Dear Writing

Dear Writing,

You and I have always had a complicated relationship. When I was a kid, my classmates would hide away in literature class, determined to do the bare minimum to get a passing grade. Me, not so much. I was drawn to you. I was addicted to reading what other people wrote, and I guess I wanted a little bit of that magic for myself. So while my peers hid, I hurled myself into you. Writing, you were my safe place, but more than that, you were fun. 

Then I grew up.

People started to gossip about you. They whispered that if I wrote well, I could have it all. Wealth, status, fame. Alladat. But there was a catch. I couldn’t just write. I had to learn to be a proper online writer first. A plethora of rulebooks, style guides and how-to articles promised to show me the way. If I wanted to earn the right to be a writer, I had to Write Rightᵀᴹ. I had to follow the rules:

  • First, find a niche

  • Only write within your niche. Anything else is sacrilege

  • Publish consistently (but not too consistently, lest folks tire of your rambling)

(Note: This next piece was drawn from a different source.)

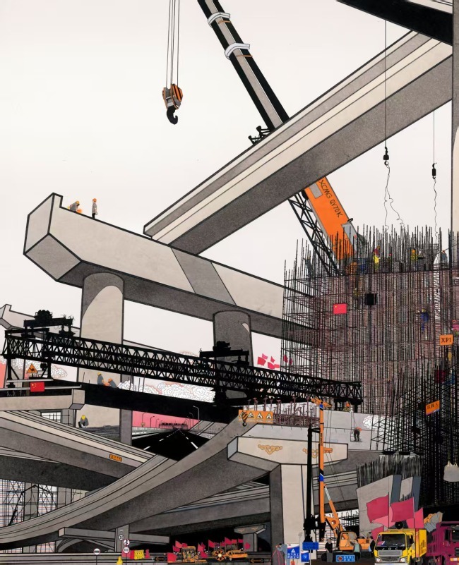 在题材的选取与表现上,焦洋展现出了开阔的艺术视野与创新的勇气。她不满足于对传统题材的重复演绎,将目光投向现代生活,尤其是大工业题材。面对这类充满力量与现代感的题材,她巧妙运用现代构成手法,为工笔画这一传统艺术形式注入新的活力。直线的交织、黑白的交错、色块的搭配,在她的笔下,不再是简单的形式组合,而是成为了表现大工业场景中力量、节奏与旋律的有效手段。那些炼钢的场面、筑路的场景,在她的工笔描绘下,既有着工笔画特有的精细质感,又焕发出强烈的现代气息与蓬勃的生命力,让人们看到工笔画在表现现代题材时的无限可能。同时,对于历史题材,她也能以独特的构图与色彩运用,营造出气势恢宏的画卷,唤起人们对历史的回望与思索。而描绘日常场景的作品,又充满了生活的意趣与温情,将平凡生活中的美好瞬间,以工笔的细腻,永久定格在画面之上。

  • Only write during a full moon 

I choked down the rules and belched out words. It was time to Write Right! I started out with the productivity and habit niche (watch out, James Clear!) Things went well for a few articles, until I realized that writing about consistency while my life was a hurricane of instability was a major mindfuck. But that was my niche… And I had been telling folks how to stay consistent... So I had to keep writing, right? RIGHT? Turns out that you can’t split your mind in two for too long. I couldn’t preach consistency and live inconsistently any longer. Every time I sat down to write, I felt trapped. I felt like a fraud. Maybe I just wasn’t cut out to be a writer after all. I couldn’t Write Right, so I stopped writing.

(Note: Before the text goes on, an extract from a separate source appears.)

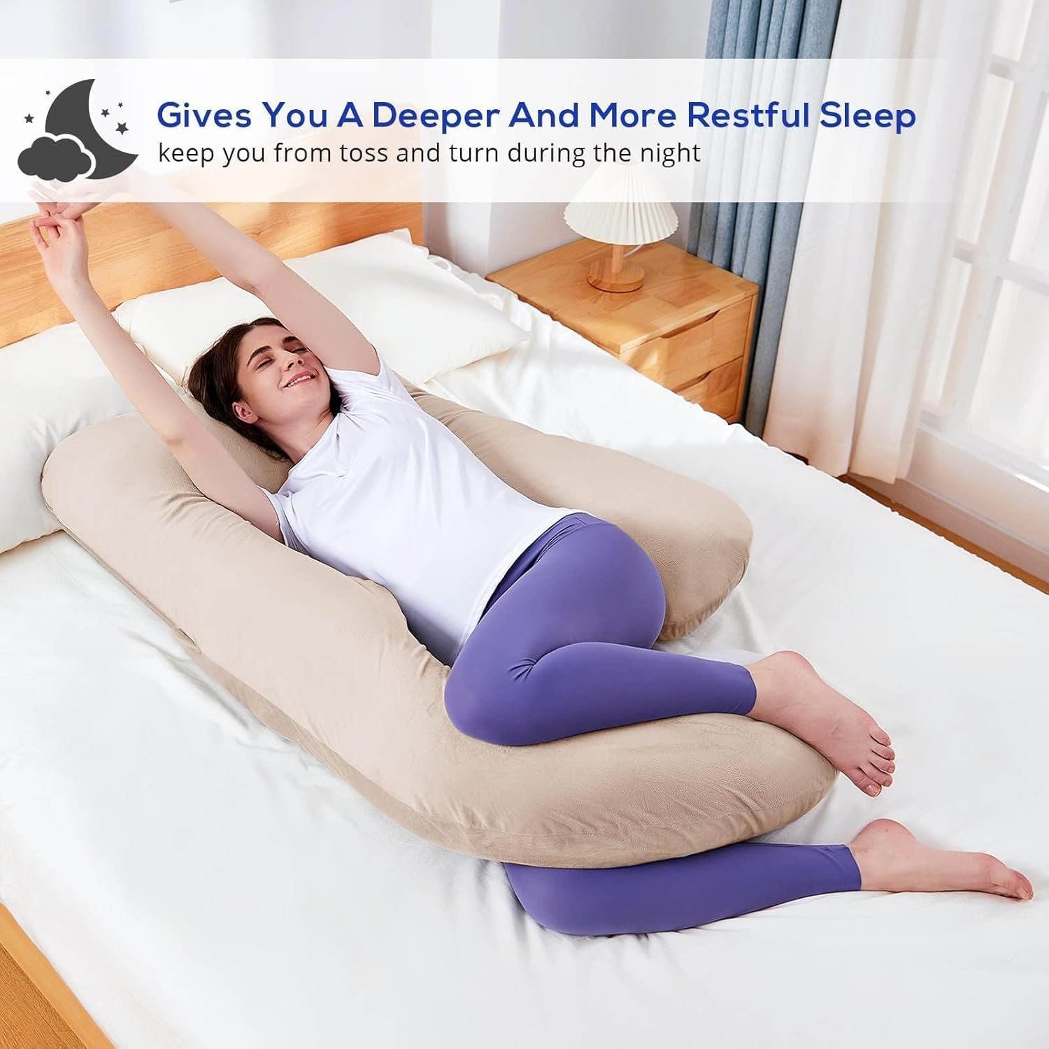 【Upgraded U Shaped Pregnancy Pillow】Combining the pros of traditional body pillows, the SASTTIE 4.0 U-shaped maternity pillow is definitely a comforting and supportive sleep helper as your belly gets bigger. The ergonomically designed shape could fit your body perfectly and provide firm support for your sore shoulders, numb arms, growing belly, tight back, as well as swollen feet.

Writing, I’ve gotta give you some credit. You never forgot me, even when I let you fade from my memory. You never stopped calling. For a few months, I ignored those calls, until one day you left me a voicemail with just five words - “Remember when writing was fun?”. It left me with three questions:

  1. Who even sends voicemails anymore?

  2. What kind of individual refers to themselves in the third person?

  3. Writing really was fun. Whatever happened to that?


The third question stuck with me, and I began to reflect. I soon realized that writing started to suck when it became Writing. My love for writing withered when I imposed other people’s rules onto it. So I decided to start writing again. And screw Writing Right, I was gonna write my way. But what was my way? I hadn’t faced a blank page in so long. I started to question what I would do differently this time so I wouldn’t fail at writing. Then it hit me. 

You can’t fail at writing, because writing is just thinking with your hands

Dear writing, I’m done thinking about you. No more niches, no more prescribed cadence, no more approved methods. Maybe I’ll figure out those things one day, but for now, I’m happy to just write. It’s time to hurl myself back into you.

Love,

Joojo 

PS: If eavesdropping on this love letter is making you contemplate your own relationship to writing, stop. The only way to truly Write Right is to write, right? So stop pondering and pick up your pen. It’s time to think with your hands.